**PROVIDED DATA:**
--- START ---
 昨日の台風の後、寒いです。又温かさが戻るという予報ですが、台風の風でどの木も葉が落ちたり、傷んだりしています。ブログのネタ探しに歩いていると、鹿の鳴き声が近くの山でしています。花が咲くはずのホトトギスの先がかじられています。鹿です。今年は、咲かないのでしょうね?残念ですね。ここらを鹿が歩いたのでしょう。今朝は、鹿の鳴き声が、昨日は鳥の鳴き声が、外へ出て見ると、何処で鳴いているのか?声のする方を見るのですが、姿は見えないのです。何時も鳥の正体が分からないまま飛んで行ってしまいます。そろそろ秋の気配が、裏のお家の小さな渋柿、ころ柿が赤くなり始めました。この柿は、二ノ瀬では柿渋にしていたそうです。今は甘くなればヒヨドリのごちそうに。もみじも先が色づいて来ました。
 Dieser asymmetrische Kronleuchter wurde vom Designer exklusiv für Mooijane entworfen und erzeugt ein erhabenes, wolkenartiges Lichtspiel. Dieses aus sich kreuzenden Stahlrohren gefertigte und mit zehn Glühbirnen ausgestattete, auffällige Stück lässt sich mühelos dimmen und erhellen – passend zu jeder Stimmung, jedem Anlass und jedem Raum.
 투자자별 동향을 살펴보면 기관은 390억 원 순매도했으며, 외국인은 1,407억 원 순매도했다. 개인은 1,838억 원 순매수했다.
--- END ---
--- START ---
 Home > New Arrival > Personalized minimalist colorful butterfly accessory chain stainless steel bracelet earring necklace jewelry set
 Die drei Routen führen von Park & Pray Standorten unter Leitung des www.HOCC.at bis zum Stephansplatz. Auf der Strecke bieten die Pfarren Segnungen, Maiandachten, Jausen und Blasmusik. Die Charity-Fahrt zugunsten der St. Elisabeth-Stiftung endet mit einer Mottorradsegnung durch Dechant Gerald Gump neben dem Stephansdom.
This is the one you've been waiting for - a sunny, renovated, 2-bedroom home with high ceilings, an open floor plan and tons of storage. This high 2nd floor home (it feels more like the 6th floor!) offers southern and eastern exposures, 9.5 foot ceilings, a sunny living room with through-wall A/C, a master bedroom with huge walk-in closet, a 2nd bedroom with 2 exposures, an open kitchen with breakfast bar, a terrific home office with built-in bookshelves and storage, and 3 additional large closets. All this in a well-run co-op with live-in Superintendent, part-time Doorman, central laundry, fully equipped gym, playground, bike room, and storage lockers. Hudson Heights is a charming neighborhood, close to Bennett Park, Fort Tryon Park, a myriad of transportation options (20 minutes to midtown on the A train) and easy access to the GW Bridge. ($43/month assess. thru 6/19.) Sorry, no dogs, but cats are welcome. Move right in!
--- END ---
**AIM OF THE TASK:** Restate word for word the lines in the material above from the one with "Home > New Arrival" to the one with "Die drei Routen"; both of those lines count, and nothing else does.

**RESULT OF THE TASK:**
 Home > New Arrival > Personalized minimalist colorful butterfly accessory chain stainless steel bracelet earring necklace jewelry set
 Die drei Routen führen von Park & Pray Standorten unter Leitung des www.HOCC.at bis zum Stephansplatz. Auf der Strecke bieten die Pfarren Segnungen, Maiandachten, Jausen und Blasmusik. Die Charity-Fahrt zugunsten der St. Elisabeth-Stiftung endet mit einer Mottorradsegnung durch Dechant Gerald Gump neben dem Stephansdom.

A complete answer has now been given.